The class CatMouse consists only of a main that loads an MDP from a file, finds and prints the optimal policy and runs the animator (unless the second argument is omitted). Before starting the animator, four columns are printed following each state: the optimal action under the policy found using value iteration; the optimal action under the policy found using policy iteration; the optimal utility as estimated using value iteration; and the estimated utility of the optimal policy using policy evaluation. For instance, on the simple five-state MDP given above, the output should look something like this:
Optimal policies:
0 L L 8.169018052871904 8.169018052871904
-1 R R 7.5578670677920545 7.5578670677920545
+1 L L 7.442544315827016 7.442544315827016
-2 R R 6.035332975545492 6.035332975545492
+2 L L 4.821409270650342 4.821409270650342
In this case, as expected, the optimal policy says to move to the center (right if in -1 or -2, and left if in +1 or +2), and to move left (away from the larger penalty state +2) if in the center.
You might well decide to modify or replace the CatMouse class.
To debug your code, you will surely want to run it on small MDP's. There are a number of "sanity checks" that can be done to see if your code is working. For instance, value iteration and policy iteration should output identical policies (up to possible ties between equally good actions). In addition, the utility of the optimal policy must satisfy the Bellman equations.
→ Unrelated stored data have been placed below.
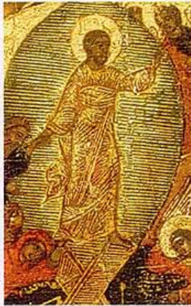
OPSTANDING VAN CHRISTUS (DETAIL IKOON 1)

Ikoon is afgeleid van het Griekse woord eikon , dat 'beeld' of 'gelijkenis' betekent. Maar de ikoon beoogt meer dan uiterlijke gelijkenis, namelijk het weergeven van een deel van het wezen van de afgebeelde figuur, en het zichtbaar maken van een hemelse realiteit. De eerste ikonen werden rond 400 gemaakt en waren enerzijds beïnvloed door de keizersportretten die overal hingen, anderzijds door de Egyptische dodenportretten die twee eeuwen daarvoor in de Fayoem-oase werden gemaakt. De oog- en gelaatsuitdrukking in deze dodenportretten moest weergeven dat de overledene de eeuwigheid aanschouwde. Hierdoor beïnvloed ontstonden de eerste ikonen. De afgebeelde Christusfiguur of heilige werd als aanwezig beschouwd, in de realiteit van het heden en in het perspectief van de eeuwigheid. Die eeuwigheid, de hemelse wereld waarin alles is getransformeerd door het licht van Christus, moest op de ikoon worden afgebeeld.
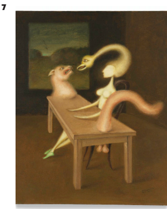
Victor Brauner, Fascination , 1939 Huile sur toile (87,63 cm x 77,47 cm x 5,72 cm) Crédit photographique : San Francisco Museum of Modern Art, Anonymous gift Photo Katherine Du Tiel © Adagp, Paris, 2020
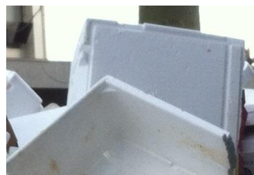
Caisses poissons avec présence de quelques écailles
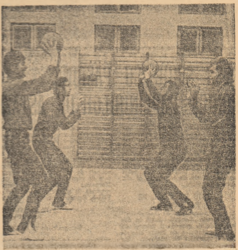
La unul din antrenamentele trăgătorilor de la C.S.M.

și mecluri mai mult ușoare decît Victoria și Danubiana din Roman, adversarii direcți. Reluarea pregătirii, în ritm susținut, și meclurile de verificare cu Textila Botoșani, A.S.A. Cîmpulung, Moldoveanu, Metalul Rădăuți, Textila Buhusi, C.F.R. Pașcani și Ceahlău Piatra Neamț oferă echipei succese posibilitatea de a-și controla potențialul.
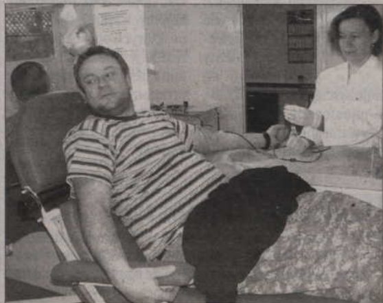
Policjanci regularnie odwiedzają punkt krwiodawstwa, by oddać krew dla chorych.

Your job is to fill in the constructors in the three classes ValueIter, PolicyIter and PolicyEval. The constructor for ValueIter takes as input an MDP and a discount factor; the constructed class then includes a field policy containing the optimal policy (an array mapping states to actions), and another field utility (an array mapping states to real numbers). The other two classes are set up similarly. You may wish to add other fields that are returned as part of the class, such as the number of iterations until convergence.
The final code that you turn in should not write anything to standard output or standard error.
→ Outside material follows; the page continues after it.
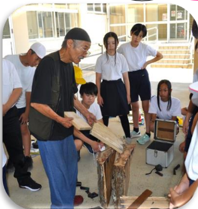
我谷盆について学ぶ(6年)
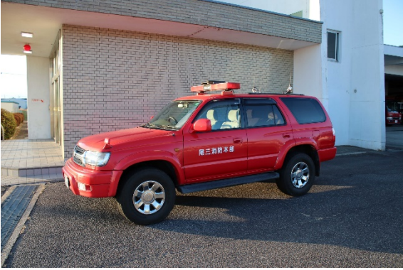
ハイラックスサーフ

All code and data files can be obtained from this directory, or all at once from this tar file. Documentation is available here.
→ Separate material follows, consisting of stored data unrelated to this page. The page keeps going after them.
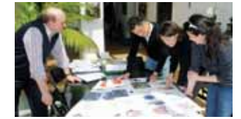
Bei der Arbeit: Die Mitarbeiter der Arnoldsche Art Publishers sind Spezialisten für verschiedene kreative Bereiche. (18)

gemeinsamen Anzeigenteil. So lassen sich Kosten sparen, moderne Techniken anwenden und die Vielfalt erhalten. Einen Überblick über die Verlagslandschaft gibt der jährlich von der Wirtschaftsförderung Region Stuttgart publizierte Wegweiser mit den Verlagen aus der Region, der auf der Frankfurter Buchmesse verteilt wird. Einen Einblick bekommt man bei den Stuttgarter Buchwochen – einer der größten regionalen Buchausstellungen Deutschlands. Um ihre Bücher , Zeitungen und Zeitschriften drucken zu lassen, haben die Verlage die Qual der Wahl: In der Region Stuttgart gibt es weit über 1.000 hervorragende Druckereien. Die Papierfabrik Scheufelen GmbH + Co. KG ist innovativ aus Tradition: In der 1773 gegründeten Papiermühle, seit 1855 ununterbrochen geführt von der Familie Scheufelen, entwickeln Meister der Papiermacherskunst ganz besondere Papiere – für die Vatikanische Bibliothek, für mehrere Flüge zum Mond und für die Casinos von Las Vegas. Ein Druckhaus für spezielle Aufträge ist außerdem die Dr. Cantz'sche Druckerei, die als erste Adresse für Künstler gilt.
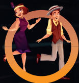
SEMAINE 5 22 au 26 juillet ANNÉES FOLLES
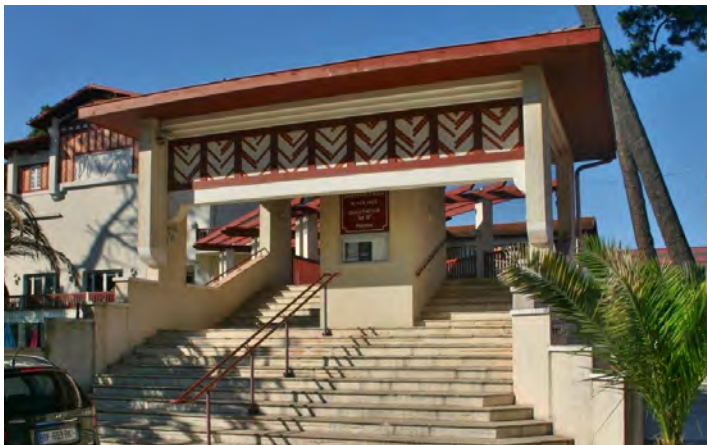
▲ Porche d'entrée
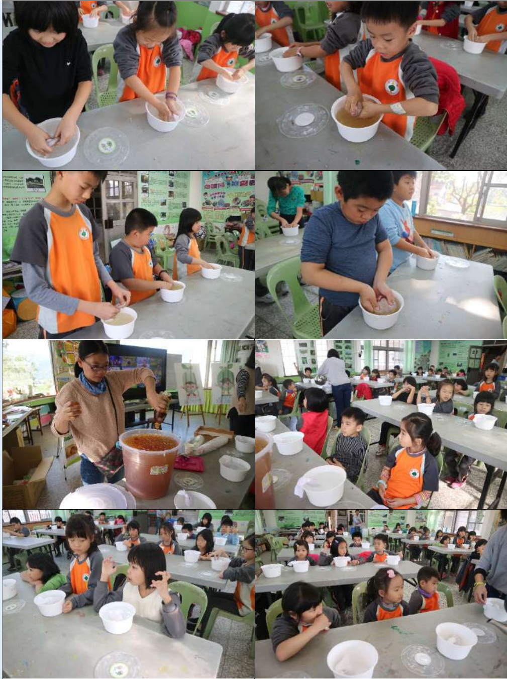
其他對於 計畫之建議

Using whiteboard, you should turn in the following:
In addition, you should turn in your write-up exploring the cat-and-mouse environments as described above. This written work should be handed in with the written exercises.
We will automatically test your code on MDP's other than those provided with this assignment. Your grade will depend largely on getting the right answers. In addition, your code should be efficient enough to run reasonably fast (under a minute or two on an MDP like those provided on a 2.4GHz machine), and should not terminate prematurely with an exception (unless given bad data, of course); code that does otherwise risks getting no credit for the automatic testing portion of the grade. As usual, you should follow good programming practices, including documenting your code.
Your write-up should be clear, concise, thoughtful and perceptive.
This programming assignment will be worth about 70 points (about 35 based on automatic testing of your code and on implementing the correct algorithms, 10 for documentation and good programming practice, and 25 for the write-up).
Thanks to Dale Schuurmans from whom this assignment was liberally borrowed.